Der Arbeitsmarkt für Physiker
Das Berufbild der Physikerin /des Physikers
Das Studium der Physik ermöglicht vielseitige Tätigkeitsfelder in unterschiedlichen Berufen und Branchen. Derzeit gibt es rund 55000 Diplom-Physiker/innen in Deutschland. Physiker werden in denjenigen Bereichen der Industrie, der Forschungsinstitute, der Beratungsfirmen und des Patentwesens benötigt und eingesetzt, die besondere Ansprüche an analytische, systematische und synthetische Fähigkeiten stellen. Das gilt für Physiker in der Chemischen Industrie, der Energietechnik, dem Maschinenbau, der Nachrichtentechnik, der Umwelttechnik, der Managementberatung usw.

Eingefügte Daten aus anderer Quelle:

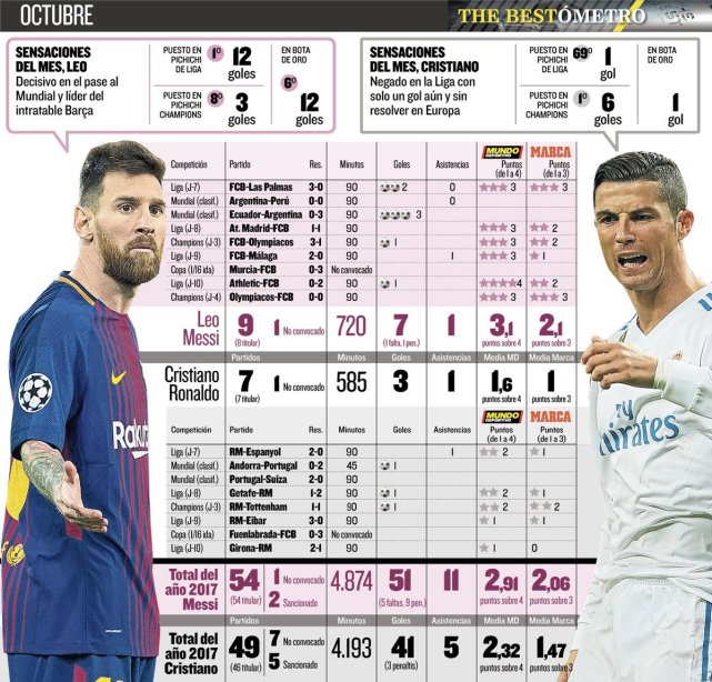 进入10月份以来,梅西的状态也更为理想,他打入了7个进球,而C罗打入了3球,两人的助攻数都是1个。在10月份的国家队比赛里,梅西的表现也更出色,在世预赛最后一轮,梅西上演帽子戏法,帮助阿根廷晋级世界杯。虽然C罗领军的葡萄牙也逆袭了瑞士,但是皇马天王没有在最后一战破门。根据两大巨星在10月份以来的发挥,《世界体育报》给梅西的评分是3.1分,给C罗的评分是1.6分,《马卡报》给梅西的评分是2.1分,给C罗的评分是1分。

Die meisten Physiker finden ihre Anstellung in der Industrie und an Hochschulen und Universitäten. Industriephysiker in den Großunternehmen arbeiten hauptsächlich in Forschung und Entwicklung. Das Arbeitsfeld kann jedoch auch in der Fertigung, dem Vertrieb oder im Management liegen. Die Tätigkeitsfelder in der mittelständischen Wirtschaft sind bislang nur unzureichend erschlossen.
Das traditionell breite Berufsfeld des Physikers verlagert sich durch die Entwicklung in Wissenschaft und Technik kontinuierlich. Auch in der Zukunft werden Physiker auf Gebieten arbeiten, für die sie während des Studiums nicht direkt ausgebildet wurden und für die teilweise eine eigene Ausbildung noch nicht existiert.
Erweitert werden die Berufsmöglichkeiten darüber hinaus durch Zusatzqualifikationen, die während des Studiums erworben werden können. Hierzu zwei Beispiele:
Zum einen ist EDV ein Bereich, der Physikern/innen, vor allem in der Softwareentwicklung, Einstiegsmöglichkeiten bot und noch bietet.
Zum anderen bietet die moderne Medizin ein weiteres Berufsfeld für Physiker. Krankenhäuser und Kliniken benötigen zum Betrieb ihrer medizinischen Geräte (NMR, Bestrahlungsanlagen, Laser usw.) Spezialisten, die über die Grundlagen der Medizin ebenso Bescheid wissen wie über die Funktionsweise der Apparaturen und über die notwendigen Sicherheitsvorkehrungen.
Seit Jahren liegt die Zahl der Promotionen bundesweit konstant etwa zwischen 40% und 50% der Absolventenzahlen eines Jahrganges, was zeigt, daß das Physik-Diplom einen breit akzeptierten, berufsqualifizierenden Studienabschluß darstellt. Am Arbeitsmarkt der Physiker in Industrie und gewerblicher Wirtschaft spielt die Promotion keine entscheidende Rolle; beim Einschlagen der Hochschullaufbahn ist sie unabdingbar.
Auch die Existenzgründung als Physiker kann in Erwägung gezogen werden, wie einige, allerdings wenige, positive Beispiele aus jüngster Vergangenheit zeigen. Überlegungen in dieser Richtung bieten sich wegen des Trends in der Industrie an, begrenzte Forschungs- und Entwicklungsaufgaben an außerbetriebliche geeignete Institute oder Firmen zu vergeben.